● **SUPPLIED RECORDS**:
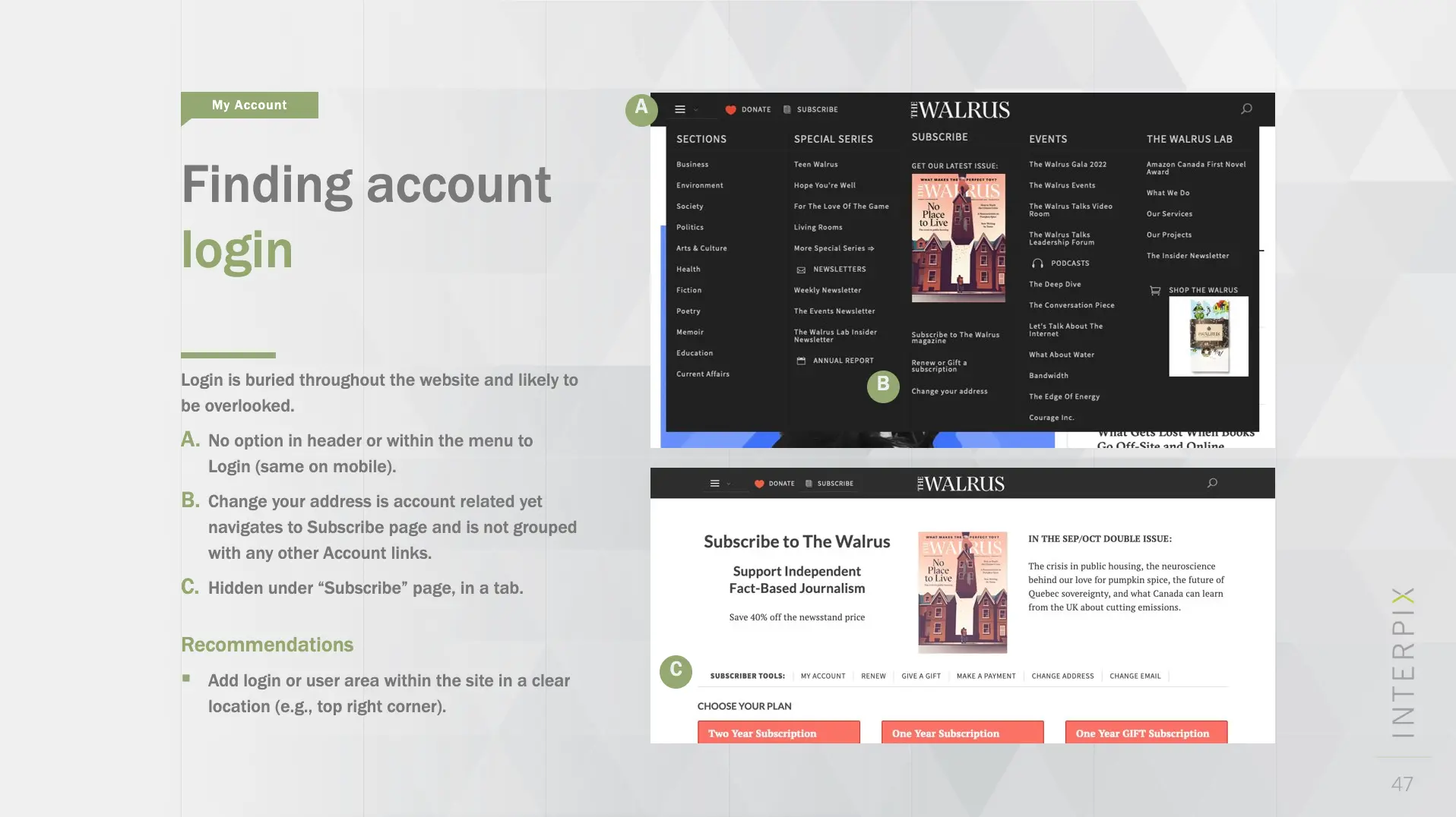 Interpix Design partnered with The Walrus, a registered charity and prominent publishing house in Canada, to conduct a comprehensive audit of their website. With a mandate to enhance the user experience (UX), our objective was to help The Walrus boost its user engagement and increase each visitor’s content consumption per visit.
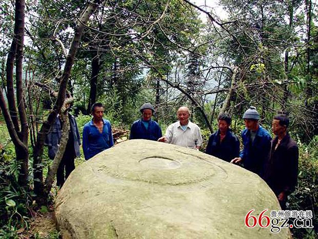 2009年8月13日镇宁自治县夜郎竹王文化研究会到蜂糖大坡考察,发现这块巨石,材质为磨刀石,表面平滑,长2.8米、宽2.2米、厚1.3米,约重12吨。表面均刻有各种各样的图案。由于大家都看不懂叫天象图。
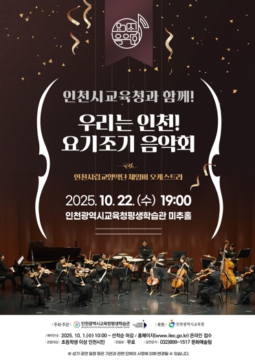 [뉴스앤톡] 인천광역시교육청평생학습관은 10월 22일 오후 7시 평생학습관 미추홀에서 인천시립교향악단의 ‘인천시교육청과 함께! 우리는 인천! 요기조기 음악회’를 개최한다고 밝혔다.
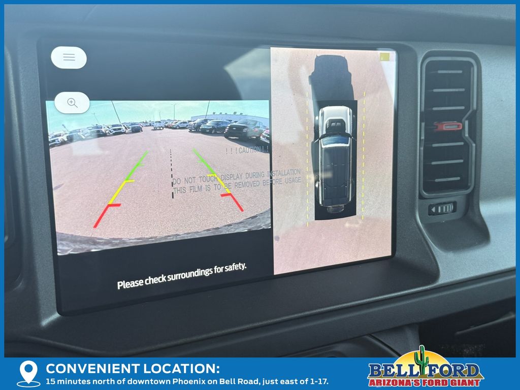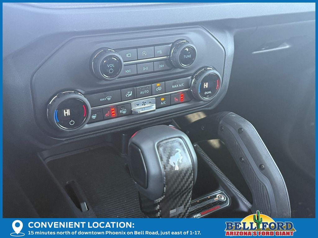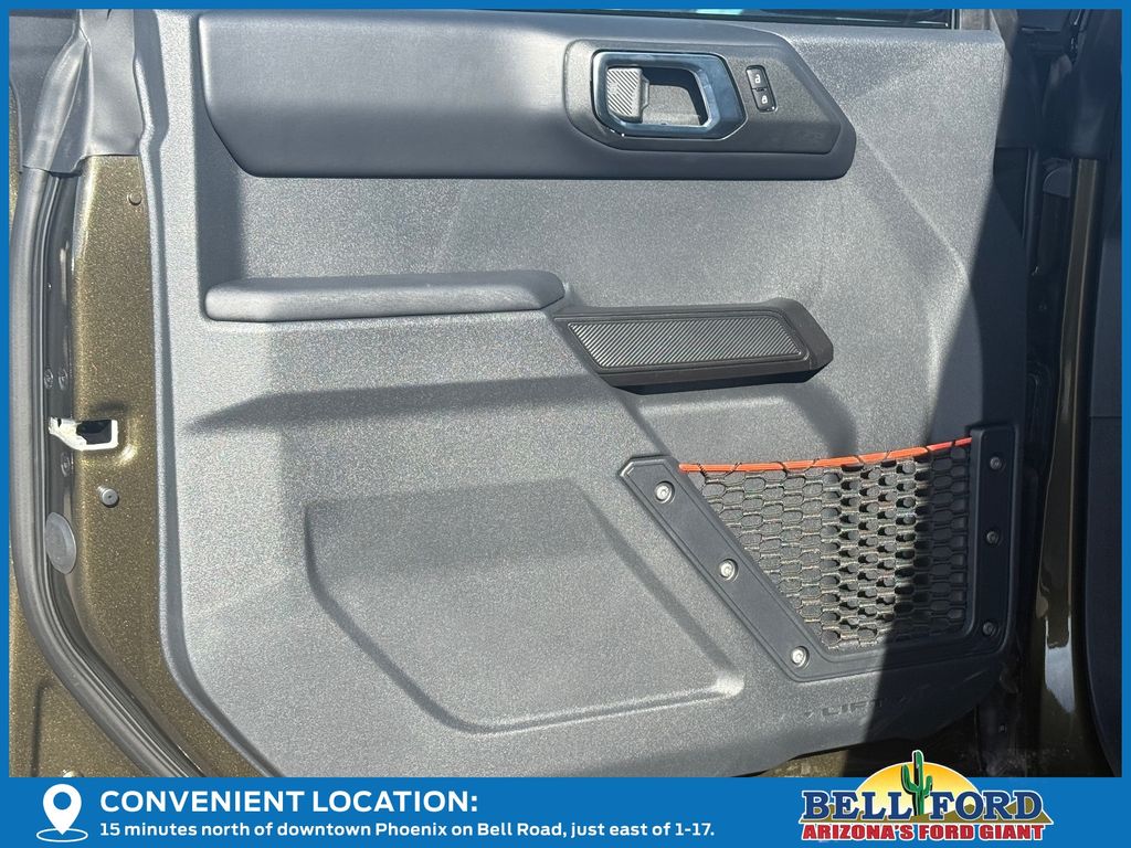 This Ford Bronco is equipped with the following options: Equipment Group 374A Lux Package, Raptor Black Appearance Package (Gloss Black Sideview Mirror Skull Caps, Interior Carbon Fiber Pack, and Wheels: 17" Dark Carbonized Gray Alloy Painted), 12 Speakers, 4-Wheel Disc Brakes, ABS brakes, Air Conditioning, Alloy wheels, AM/FM radio: SiriusXM with 360L, Auto High-beam Headlights, Auto-dimming Rear-View mirror, Automatic temperature control, Brake assist, Compass, Connected Navigation, Convertible HardTop, Convertible roof lining, Delay-off headlights, Driver door bin, Driver vanity mirror, Dual front impact airbags, Dual front side impact airbags, Electronic Stability Control, Emergency communication system: 911 Assist, Exterior Parking Camera Rear, Front anti-roll bar, Front Bucket Seats, Front Center Armrest, Front dual zone A/C, Front fog lights, Front reading lights, Front wheel independent suspension, Fully automatic headlights, Garage door transmitter, Glass rear window, Hard Top Sound Deadening Headliner, Heated door mirrors, Heated front seats, Heated steering wheel, Illuminated entry, Integrated roll-over protection, Internet access capable: FordPass Connect, Leather Shift Knob, Low tire pressure warning, Marine Grade Vinyl Bucket Seats, Navigation system: Connected Navigation, Occupant sensing airbag, Outside temperature display, Overhead airbag, Overhead console, Panic alarm, Passenger door bin, Passenger vanity mirror, Power door mirrors, Power steering, Power windows, Radio data system, Radio: B&O Sound System by Bang & Olufsen, Rear anti-roll bar, Rear seat center armrest, Rear window defroster, Rear window wiper, Rear-Window Defroster & Washer, Remote keyless entry, Security system, Shadow Black Painted Hard Top, SiriusXM w/360L, Speed control, Split folding rear seat, Steering wheel mounted audio controls, SYNC 4, Tachometer, Telescoping steering wheel, Tilt steering wheel, Traction control, Trip computer, Turn signal indicator mirrors, Variably intermittent wipers, Voltmeter, and Wheels: 17" Black High Gloss-Painted Aluminum.
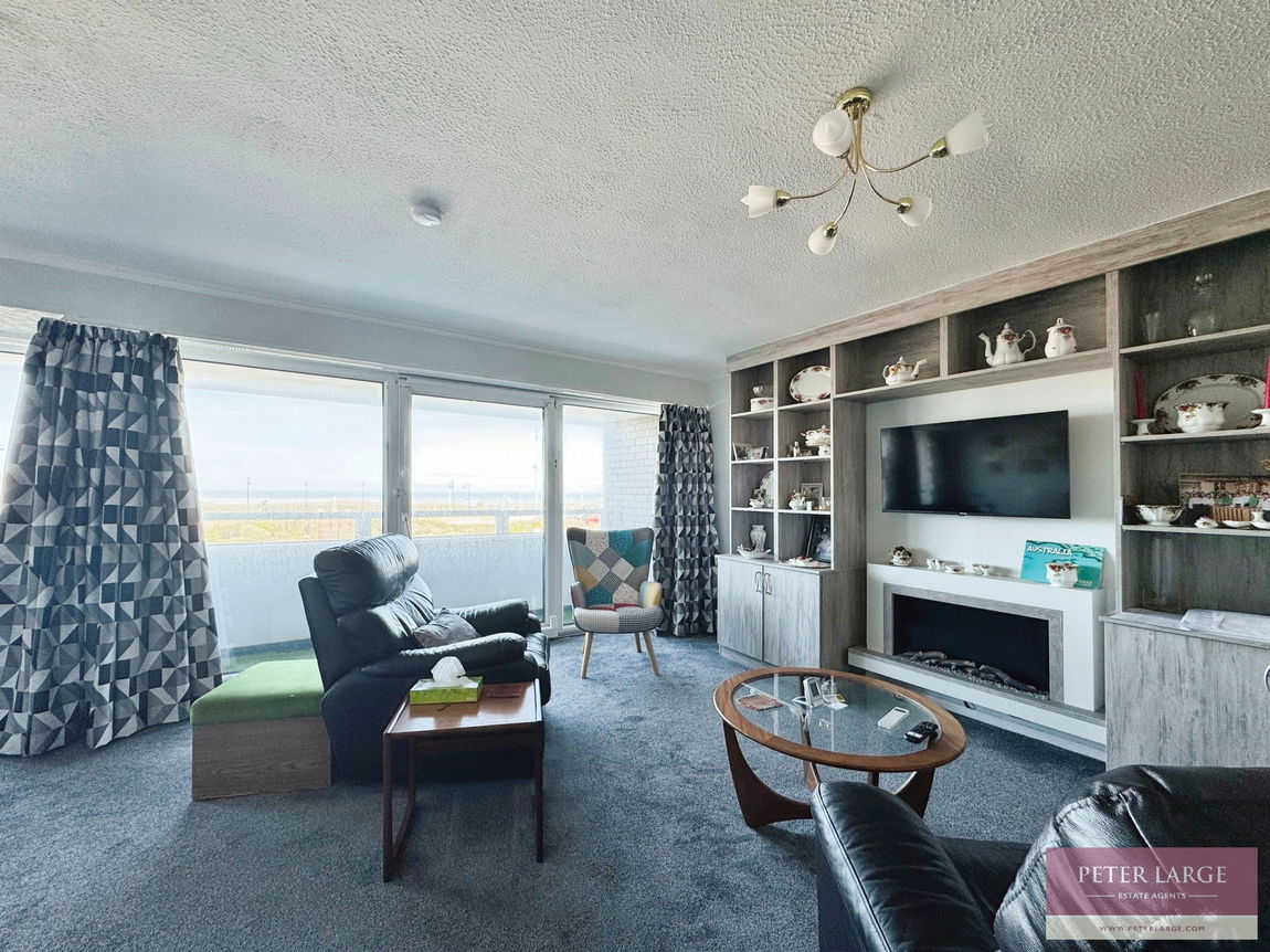 With coved ceiling, power points, built-in storage shelving to include desk area, wall mounted feature electric fire, Dimplex electric heater, uPVC double glazed sliding patio door with floor to ceiling double glazed windows to each side leading out onto the balcony with spectacular views over the coast line, open access into kitchen/diner.
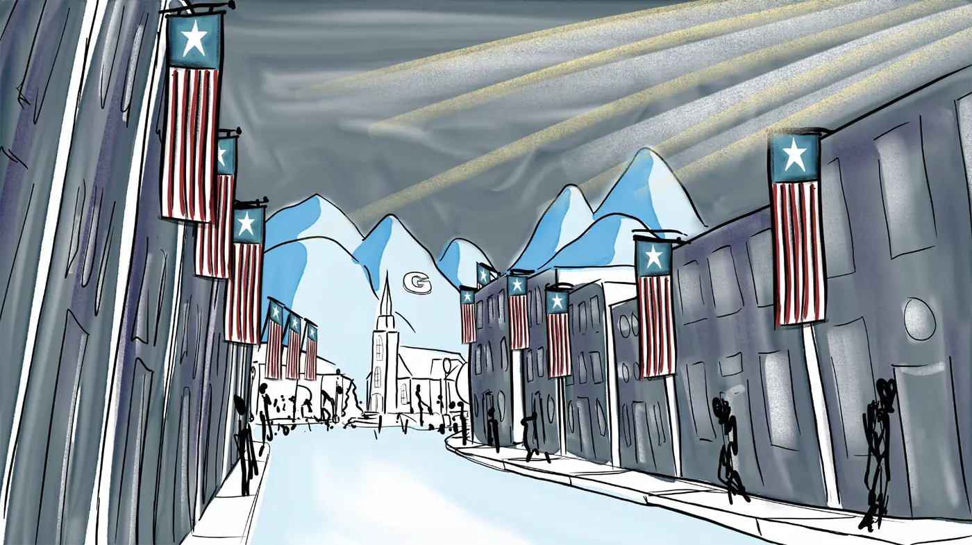 (Alden watches on from the “G” on the mountain)
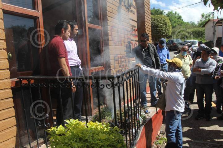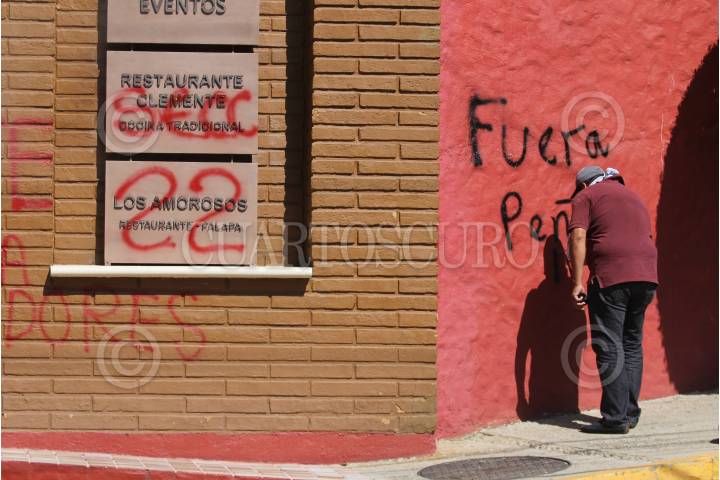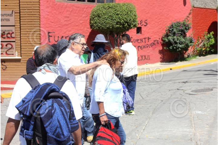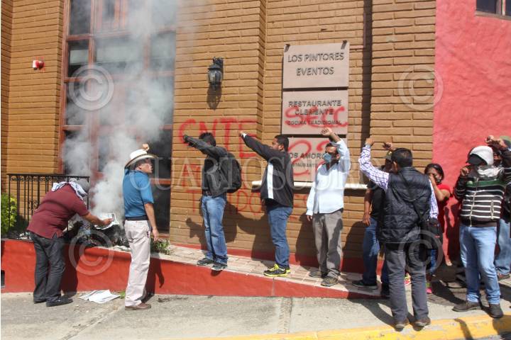 OAXACA, OAXACA., 12JULIO2016.- Profesores de la sección 22 de la CNTE protestaron en el exterior de un hotel ubicado al norte de la capital del estado donde se realizaría una reunión de supervisores escolares, sin embargo ante la llegada de los mentores esta fue suspendida, sin embargo al interior del hotel ya había un grupo de supervisores. Mentores de la gremial encapuchados entraron al inmueble y sacaron a los supervisores, sin embargo llamaron a los manifestantes a no agredirlos pues la actividad se trataba de boicotear el evento así como a identificarlos, no obstante a 3 supervisores les reventaron huevos en el cuerpo. FOTO: ARTURO PÉREZ ALFONSO /CUARTOSCURO.COM
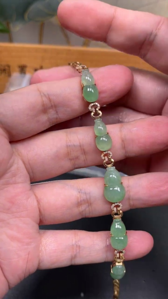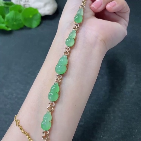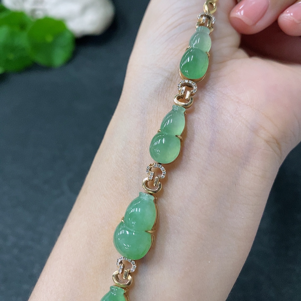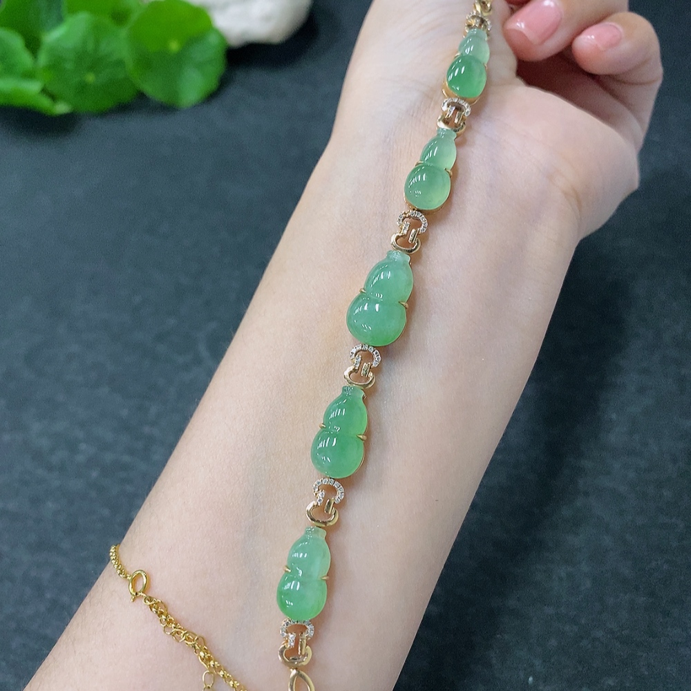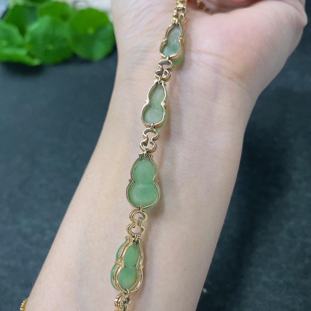 Jadeite Inlaid Bracelet No Inscription Surface Gold Content 18k Diamond Accents Total Weight Approx. 12.88g

● **ASSIGNMENT**: A verbatim reproduction of each entry is expected, with every picture omitted.

● **ANSWER FOR THIS EXERCISE**:
 Interpix Design partnered with The Walrus, a registered charity and prominent publishing house in Canada, to conduct a comprehensive audit of their website. With a mandate to enhance the user experience (UX), our objective was to help The Walrus boost its user engagement and increase each visitor’s content consumption per visit.
 2009年8月13日镇宁自治县夜郎竹王文化研究会到蜂糖大坡考察,发现这块巨石,材质为磨刀石,表面平滑,长2.8米、宽2.2米、厚1.3米,约重12吨。表面均刻有各种各样的图案。由于大家都看不懂叫天象图。
 [뉴스앤톡] 인천광역시교육청평생학습관은 10월 22일 오후 7시 평생학습관 미추홀에서 인천시립교향악단의 ‘인천시교육청과 함께! 우리는 인천! 요기조기 음악회’를 개최한다고 밝혔다.
 This Ford Bronco is equipped with the following options: Equipment Group 374A Lux Package, Raptor Black Appearance Package (Gloss Black Sideview Mirror Skull Caps, Interior Carbon Fiber Pack, and Wheels: 17" Dark Carbonized Gray Alloy Painted), 12 Speakers, 4-Wheel Disc Brakes, ABS brakes, Air Conditioning, Alloy wheels, AM/FM radio: SiriusXM with 360L, Auto High-beam Headlights, Auto-dimming Rear-View mirror, Automatic temperature control, Brake assist, Compass, Connected Navigation, Convertible HardTop, Convertible roof lining, Delay-off headlights, Driver door bin, Driver vanity mirror, Dual front impact airbags, Dual front side impact airbags, Electronic Stability Control, Emergency communication system: 911 Assist, Exterior Parking Camera Rear, Front anti-roll bar, Front Bucket Seats, Front Center Armrest, Front dual zone A/C, Front fog lights, Front reading lights, Front wheel independent suspension, Fully automatic headlights, Garage door transmitter, Glass rear window, Hard Top Sound Deadening Headliner, Heated door mirrors, Heated front seats, Heated steering wheel, Illuminated entry, Integrated roll-over protection, Internet access capable: FordPass Connect, Leather Shift Knob, Low tire pressure warning, Marine Grade Vinyl Bucket Seats, Navigation system: Connected Navigation, Occupant sensing airbag, Outside temperature display, Overhead airbag, Overhead console, Panic alarm, Passenger door bin, Passenger vanity mirror, Power door mirrors, Power steering, Power windows, Radio data system, Radio: B&O Sound System by Bang & Olufsen, Rear anti-roll bar, Rear seat center armrest, Rear window defroster, Rear window wiper, Rear-Window Defroster & Washer, Remote keyless entry, Security system, Shadow Black Painted Hard Top, SiriusXM w/360L, Speed control, Split folding rear seat, Steering wheel mounted audio controls, SYNC 4, Tachometer, Telescoping steering wheel, Tilt steering wheel, Traction control, Trip computer, Turn signal indicator mirrors, Variably intermittent wipers, Voltmeter, and Wheels: 17" Black High Gloss-Painted Aluminum.
 With coved ceiling, power points, built-in storage shelving to include desk area, wall mounted feature electric fire, Dimplex electric heater, uPVC double glazed sliding patio door with floor to ceiling double glazed windows to each side leading out onto the balcony with spectacular views over the coast line, open access into kitchen/diner.
 (Alden watches on from the “G” on the mountain)
 OAXACA, OAXACA., 12JULIO2016.- Profesores de la sección 22 de la CNTE protestaron en el exterior de un hotel ubicado al norte de la capital del estado donde se realizaría una reunión de supervisores escolares, sin embargo ante la llegada de los mentores esta fue suspendida, sin embargo al interior del hotel ya había un grupo de supervisores. Mentores de la gremial encapuchados entraron al inmueble y sacaron a los supervisores, sin embargo llamaron a los manifestantes a no agredirlos pues la actividad se trataba de boicotear el evento así como a identificarlos, no obstante a 3 supervisores les reventaron huevos en el cuerpo. FOTO: ARTURO PÉREZ ALFONSO /CUARTOSCURO.COM
 Jadeite Inlaid Bracelet No Inscription Surface Gold Content 18k Diamond Accents Total Weight Approx. 12.88g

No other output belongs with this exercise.